Hacking the default SPSS chart template

In SPSS charts, not every element of the chart is accessible through syntax. For example, the default chart background in all of the versions I have ever used is light grey, and this can not be specified in GPL graphing statements. Many of such elements are specified in chart template files (.sgt extension). Chart template files are just a specific text format organized using an xml tag structure. Below is an example scatterplot with the default chart template for version 19.

You can manually edit graphics and save chart templates, but here I am going to show some example changes I have made in the default chart template. I do this because when you save chart templates by manually editing charts, SPSS has defaults for many different types of charts (one example when it changes are if the axes are categorical or numeric). So it is easier to make widespread changes by editing the main chart template.

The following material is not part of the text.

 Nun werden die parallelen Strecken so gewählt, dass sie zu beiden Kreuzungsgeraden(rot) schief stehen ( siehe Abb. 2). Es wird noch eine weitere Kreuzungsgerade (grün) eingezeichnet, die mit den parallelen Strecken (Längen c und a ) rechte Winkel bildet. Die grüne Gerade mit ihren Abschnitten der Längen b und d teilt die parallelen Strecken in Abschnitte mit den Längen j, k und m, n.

The subsequent examples were constructed from a chart template originally from version 17, and I will demonstrate 3 changes I have made to my own chart template.

1) Change the background color from grey to transparent.
2) Make light grey, dashed gridlines the default.
3) Change the font.

Here I just copied and saved my own version of the template renamed in the same folder. You can then open up the files in any text editor. I use Notepad++, and it has a nice default plug-in that allows me to compare the original template file with my updated file. Moving on to how to actually make changes.

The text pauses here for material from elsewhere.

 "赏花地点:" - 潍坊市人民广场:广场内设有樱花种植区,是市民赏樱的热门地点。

1) Change the background color.

The original chart color (in RGB hexidecimal code) is "F0F0F0" (you can open up a default chart to see the decimal representation, 240-240-240). Then I just used this online tool to convert the decimal to hexidecimal, and then you can search the template for this color. The background color is only located in one place in the template file, in a tag nested within an tag. I changed "F0F0F0" to "transparent" as oppossed to another RGB color. One might want to use white for the background as well ("FFFFFF").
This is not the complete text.